Bayerische Narreteien

„Liberalitas Bavariae“ wird ja ganz gern mal angeführt (auch vor Jahrzehnten von längst vergangenen Politikern wie Franz-Josef Strauß, welch ein Anachronismus), aber dieses angebliche „Leben und Leben lassen“ war und ist eine heuchlerische Lüge, was in einem erzkatholischen Land nicht verwundern darf. Aber weil wir ja die heimliche Hauptstadt mit Herz haben, und das Oktoberfest, die schönen Lebkuchenherzeln, die Bussi-Gesellschaft und viele Amigos, will man diese Lüge nur zu gern glauben, nicht nur der Preiß‘ – Pardon, der jenseits des Weißwurst-Äquators Beheimatete (muss es wohl nicht-diskriminierend laut des extrem p.c. Verlags Thienemann aus dem Schwabenland heißen) -, sondern sogar der Bayer selbst. Zumindest, solange er seine Maß Bier oder Weißbier und den Schweinsbraten vor sich stehen hat. Andererseits, wenn man hier lebt, muss man sich halt in die Tasche lügen.

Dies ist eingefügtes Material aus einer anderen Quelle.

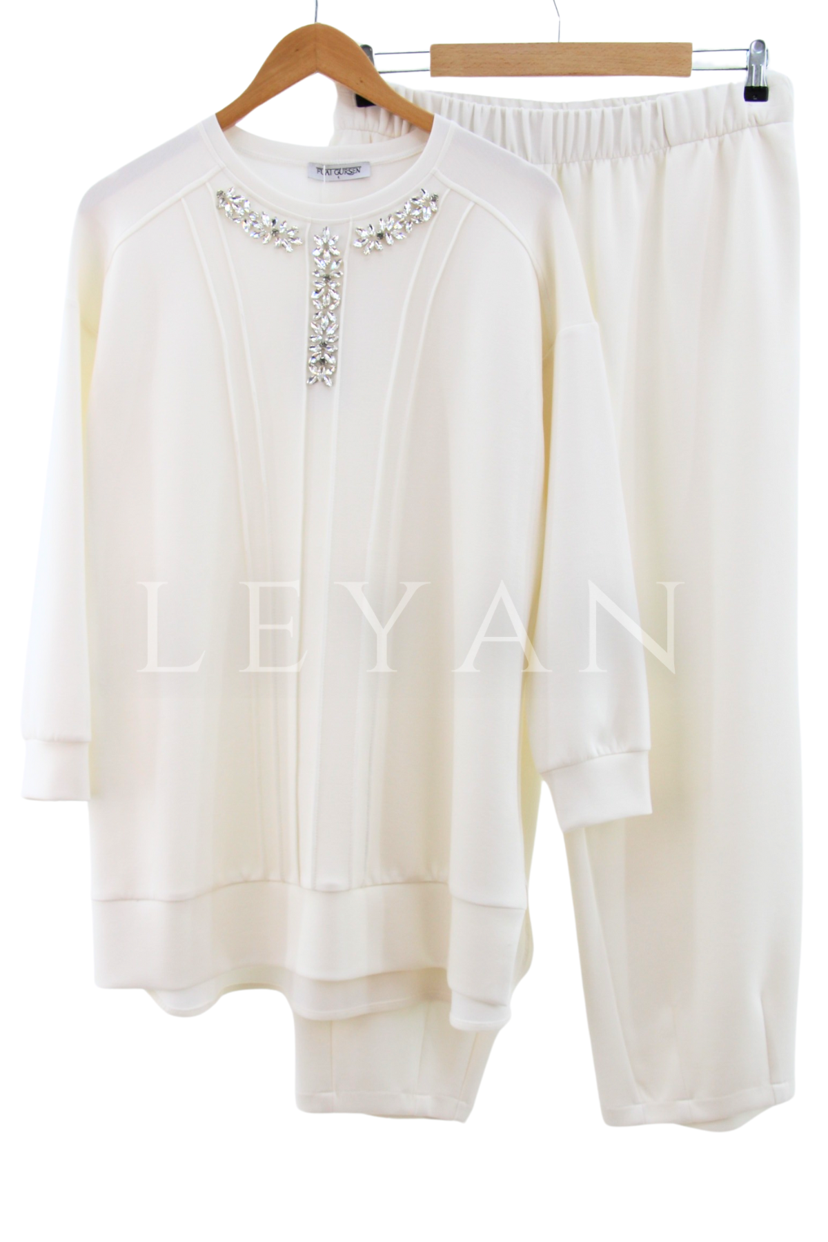 Fuat Gürşen Yakası Taş Detaylı Takım- LYN03310 Ekru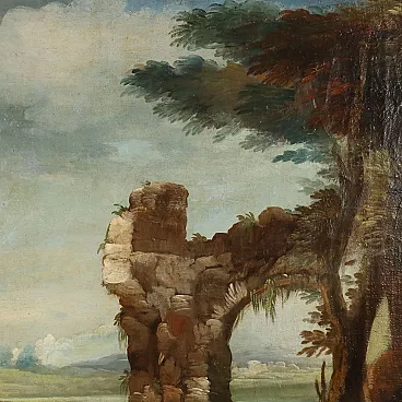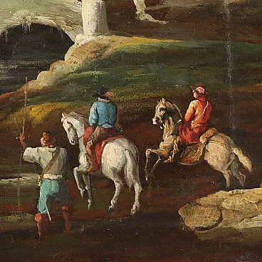 Paesaggio con Cavalieri e Rovine, olio su tela, '700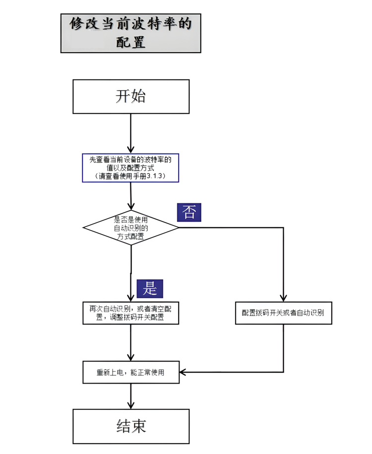 當(dāng)需要修改當(dāng)前設(shè)備的波特率時(shí),按照如下流程圖3.6所示操作即可。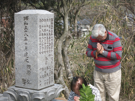 〔写真説明〕阪原弘さんの墓に手を合わせる長男弘次さん(奥)と長女美和子さん=2023年3月1日、滋賀県日野町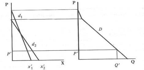 Рыночная кривая спроса D получается в результате сложения по горизонтали индивидуальных кривых спроса.(прилож.И).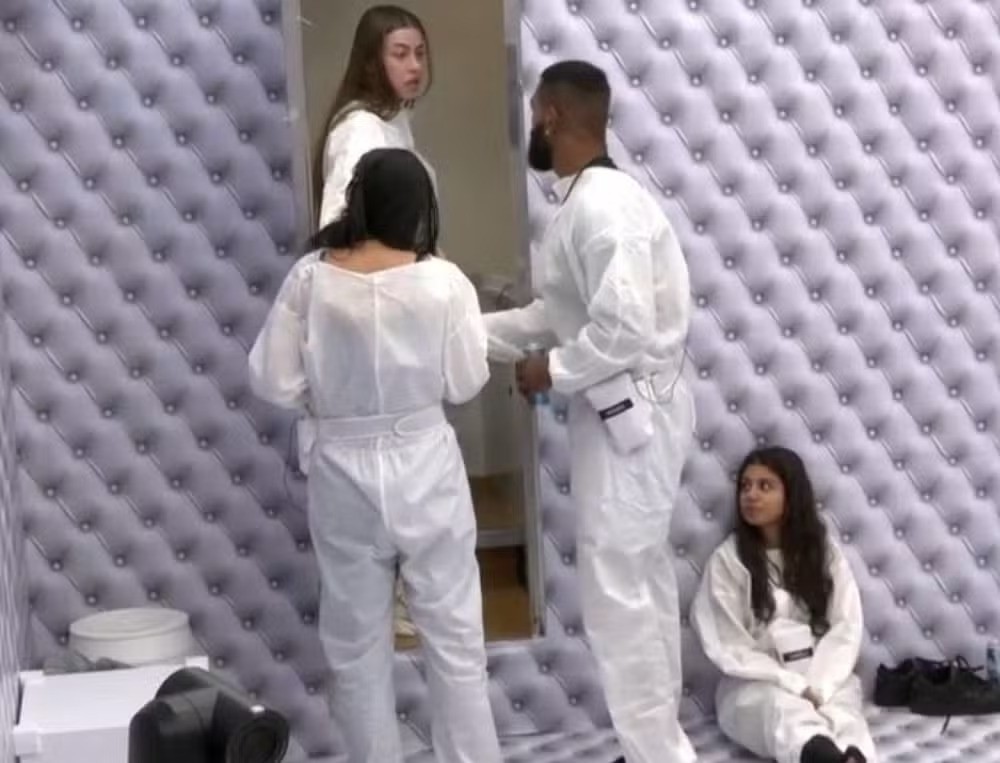No início do programa,uma confusão foi criada no Quarto Branco. Os participantes notaram um cheiro forte no cômodo fechado investigarem o banheiro,então encontraram uma das paredes do banheiro suja de fezes — Foto: Reprodução/Globoplay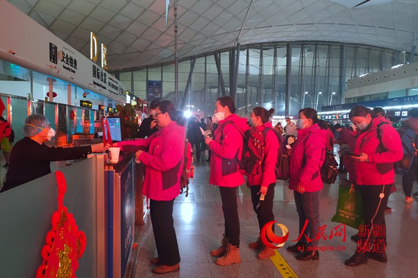 新疆第二批援鄂醫療隊快速通過綠色通道準備登機。
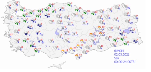Meteoroloji Genel Müdürlüğü tarafından yapılan son hava durumu değerlendirmelerine göre, kuzey, iç ve doğu kesimlerinin parçalı çok bulutlu, Marmara'nın güney ve doğusu, İç Ege, Batı Akdeniz, Batı Karadeniz, Orta Karadeniz kıyıları, Doğu Anadolu'nun güneydoğusu Kırklareli, Tekirdağ, Giresun, Kars, Ağrı, Iğdır, Diyarbakır, Batman, Siirt çevreleri, Ankara'nın kuzey ve batısı, Erzurum'un güney kesimlerinin yağışlı diğer yerlerinin az bulutlu geçeceği tahmin ediliyor. Yağışların kıyılar ve Güneydoğu Anadolu'da yağmur, diğer yerlerde karla karışık yağmur ve kar şeklinde olması bekleniyor.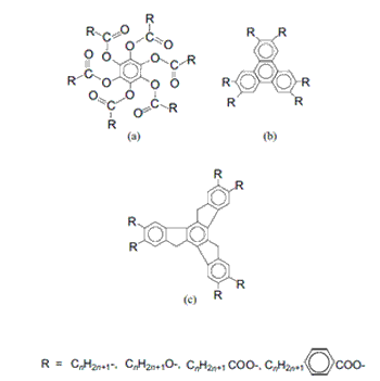 Mesogen composed of relatively flat, disc- or sheet-shaped molecules. Note 1: Examples are: hexakis(acyloxy)benzenes (a), hexakis(acyloxy)- and hexakis(alkoxy)-triphenylenes (b), 5H,10H,15H-diindeno[1,2-a:1´,2´-c]fluorene derivatives (c). Note 2: The adjective “discotic” is also employed to describe the nematic mesophases formed by discotic mesogens. The mesophases formed by a columnar stacking of disc-like molecules are described as columnar mesophases. |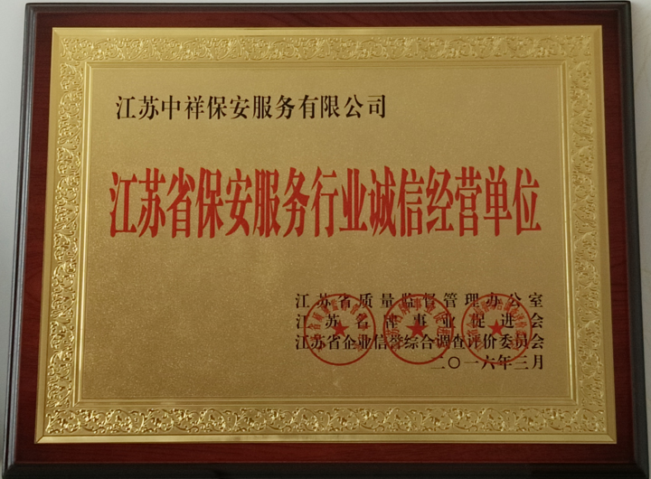 江蘇中祥保安公司榮獲江蘇省保安服務(wù)行業(yè)誠(chéng)信經(jīng)營(yíng)單位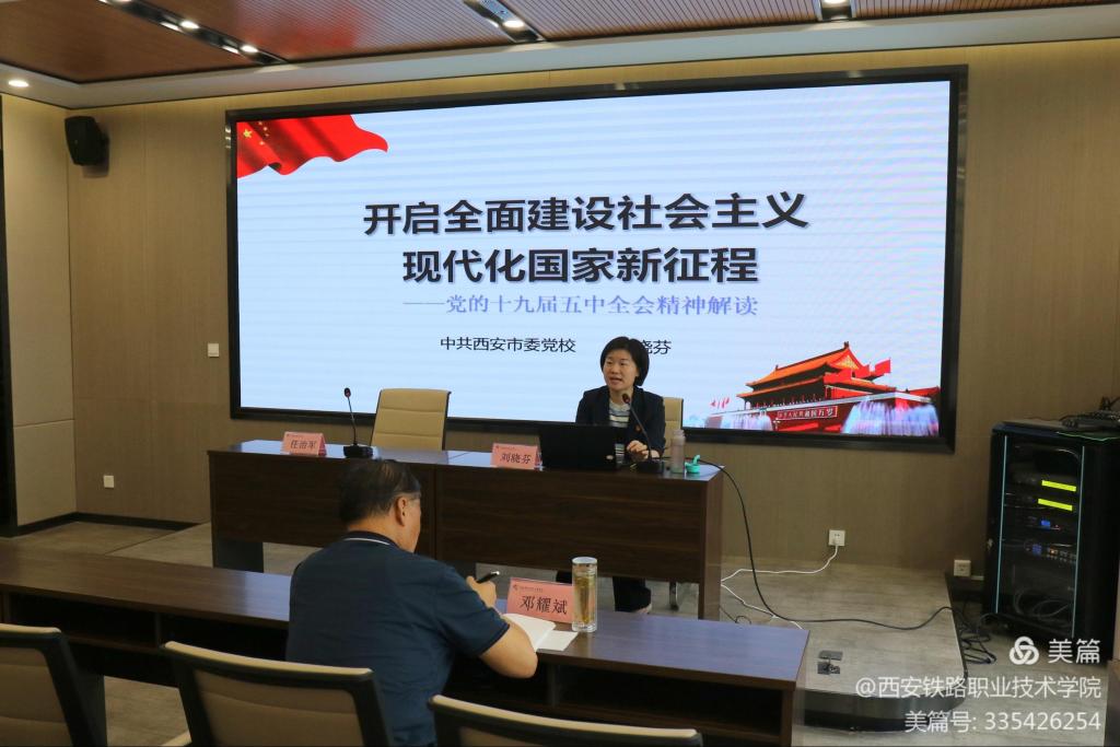 本次培训采用集中辅导、分组讨论和研讨交流等方式。西安市委党校党史党建教研部主任刘晓芬以《开启全面建设社会主义现代化国家新征程》为题,从全会的基本概况、全会召开的背景、新阶段与新目标、新理念与新部署、新变化与新格局等五个方面,对党的十九届五中全会精神进行了深入解读。

Worüber rege ich mich mal wieder auf? Da soll die – überaus verdiente und von mir nunmehr schon seit Jahrzehnten geschätzte – Kabarettistin Veronika von Quast den Ehrenpreis der Faschingsgesellschaft „Würmesia“ erhalten. Weil sie aber als Laudator Sebastian Frankenberger wollte, und weil der Preis nur im Heide Volm überreicht werden kann, und weil Sebastian Frankenberger dort lebenslanges Hausverbot hat – wird ihr der Preis nun wieder aberkannt und jemand anders bekommt ihn.

Ja wo samma denn?! Und warum hat dieser schreckliche Mann Hausverbot, und warum ziehen alle anderen alteingesessenen Klüngel-Bierdimpfl-Wirte „solidarisch“ mit? Gemeinschaftsmobben auf öffentlicher Ebene? Das unverzeihliche Verbrechen des Mannes ist: Sebastian Frankenberger hat das Volksbegehren gegen das Rauchen in Gaststätten initiiert. Dafür gebührt ihm nicht der Rausschmiss, sondern mindestens 3 Orden! Denn dank seiner Initiative kann auch ich wieder in Wirtshäuser gehen, was mir aufgrund meiner Atemwegserkrankung bis dato unmöglich war, oder vielmehr nur für kurze Zeit mit anschließend längerer Büßerzeit dafür, aber nicht religiöser Art. Meine Klamotten stinken nicht mehr, und ich muss auch nicht sofort nach Wirtshausbesuch unter die Dusche, weil ich selbst ebenfalls unerträglich stinke. Und ich bin ja nicht allein, die Mehrheit hat so abgestimmt. Ein Hoch auf Frankenberger, und Danke dafür, und Danke an alle, die für das Rauchverbot gestimmt haben. Allerdings, jetzt, wo ich es kann, verzichte ich angesichts solcher Eskapaden gern auf den Besuch in solchen Etablissements, und ich werde gewiss auch keine Gäste mehr zu diesen „traditionsreichen Wirtschaften“ führen. Nein, ganz bestimmt nicht.

Man könnte ja diese gänzlich unkomische Narretei für einen nur allzu schlechten Faschingsscherz halten. Aber leider ist es die Wahrheit. Ein Preis an eine Person wird nicht verliehen, weil eine andere Person Hausverbot hat, und weil alle z’amhalten, einschließlich des Kasperlevereins Würmesia, werden gleich alle beide Personen schlichtweg zu einer einzigen persona non grata diskreditiert. Ein einziger Wirt bestimmt darüber, wer einen Preis bekommt, und die Verleiher sowie alle seine „Freunde“ kuschen! Ich glaub’s ja nicht!

Aber was wundert mich das in einem Land, in dem schon auch einfach mal staatliche Willkür in Form von Zensur verübt wird (und niemanden interessiert der im Grundgesetz verankerte Grundsatz „eine Zensur findet nicht statt“, stattdessen lacht man einfach nur über die „schrulligen Bayern“), indem man ein Programm schlichtweg abschaltet. Weil man ihm entweder religiöse Verstöße anlastet, oder, was weitaus schlimmer ist, Kritik an der Politik. Und nun wird auch jemand abgeschaltet, der etwas für die Gesundheit tun will. Und wer mit ihm zusammenhängt, gleich mit, zapp, weg damit! Sippenhaft, Schluss aus, wer in Bayern nicht mit den Großkopfeten jubelt, wird hinweggefegt in den Gully, wo er hingehört.

Ich bin fassungslos und ungläubig, wenngleich es mich nicht wundern sollte. Veronika von Quast tut das einzig Richtige – sie verzichtet auf den Preis unter solchen Voraussetzungen. Und ganz ehrlich: So einen Preis braucht sie auch ganz gewiss nicht.